By Laura Joseph
Editor’s Note: This is the first in a series of essays based on Laura’s conversations with people who work with communities to help improve nutrition. This essay includes the voices of people in the Philippines and Zambia.
In 2021, Samantha Power, Administrator of the U.S. Agency for International Development, outlined a new vision for global development. She said that USAID was emphasizing “the voices and needs of the most marginalized” and setting a specific goal: within the next decade, half of USAID’s spending would go toward “putting local communities in a lead on projects.” A wise and worthy goal, one that requires the humility of listening and embodies values shared by Bread for the World.

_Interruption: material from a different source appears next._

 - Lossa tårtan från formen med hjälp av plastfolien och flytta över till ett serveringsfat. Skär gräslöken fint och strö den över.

The people closest to a problem are usually best at finding ways to solve it. A Western pediatrician working in the Philippines recounts, “In my early years [there], I needed a way to add a high protein snack each day for our kids under 5. I was obsessed with the idea that peanut butter was the perfect addition. We tried it and the kids just didn’t like it. We asked the moms for high-protein recipes, and they suggested adding small dried salted fish, which is cheap, shelf-stable, and sold everywhere. I really thought they were crazy but I agreed to try. The kids gobbled it up! This was a super cheap way to add both protein and calcium.”

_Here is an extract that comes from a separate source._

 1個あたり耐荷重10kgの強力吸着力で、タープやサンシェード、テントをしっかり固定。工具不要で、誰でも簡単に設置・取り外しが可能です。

From the same clinic: “During the pandemic, we were sent big boxes of nutrition supplements designed for kids who are acutely malnourished, a situation where kids will typically eat things that aren’t necessarily delicious. Because of the pandemic, the packs were sent to families who didn’t have daily food but were not yet dangerously acutely malnourished.
“On paper, the food packs are a clinician’s dream– perfectly balanced daily nutrients all in one package! Unfortunately, the food just didn’t taste good. Some local moms helped us create recipes starting with the packs that maintained all the nutrients but tasted good. Following the lead of these moms probably saved a lot of kids from malnutrition and subsequent illness, [just] from a few small tweaks.”

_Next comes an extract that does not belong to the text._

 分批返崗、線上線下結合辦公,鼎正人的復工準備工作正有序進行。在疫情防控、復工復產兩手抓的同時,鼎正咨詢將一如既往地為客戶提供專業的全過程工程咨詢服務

Jeri Gunderson, founder of Shiphrah Birthing Home in the outskirts of Manila, works to promote prenatal nutrition and breastfeeding. She learned that some local traditions advised pregnant women to eat very little in their third trimester so that their babies would not be too big and make childbirth harder. Her advice to the contrary had little effect since she was a tall Westerner! Breastfeeding had its own set of local beliefs, with many women doubting that breast milk alone was sufficient for babies. Persuading mothers to consider new ideas would require involving the entire community around each mom.
“Our midwives were themselves breastfeeding Filipino mothers,” Gunderson said, “so they shared with the women. When we teach breastfeeding, we have time at the tables where moms share with one another. Women teaching women. It’s great. We learned that simple, regular friendship support for pregnant [women] and breastfeeding moms works best. Befriending the whole family is key since breastfeeding is a whole family effort. Filipinos are relationship-driven. Forcing Western medical practices that rely more on the use of drugs or machines than the use of community and human touch has done great damage to maternal health care.”
Partway around the world in Zambia, Pastor Mulenga also spoke of the need to enlist leaders from within the community to bring change. His church started a feeding center for 700 children who lived in nearby underserved communities. Pastor Mulenga’s advice: “To foster nutrition efforts for children and nursing mothers, the first approach should be advocacy through trusted community leaders who have a reputation for providing teaching, training, and awareness to a community. The people who provide this service well in all Zambian and African communities are religious leaders including priests, fathers, pastors, etc.
“Efforts to give aid to communities without effective awareness are resisted by the community. Recently, I witnessed a measles vaccination campaign halted because the community was not well informed, and they repeated myths, such as that the medicine was demonic. If the health personnel had worked with local pastors and made awareness campaigns with local religious leaders, there would have been no resistance.”
Bread supports U.S. programs aimed at reducing hunger, and we pray for wisdom for program managers, that they will be able to listen to local partners and learn from them what will be effective in their communities.
Laura Joseph is a graduate student in Truett Seminary’s Theology, Ecology, and Food Justice program at Baylor University, and was a global nutrition intern at Bread for the World in 2023.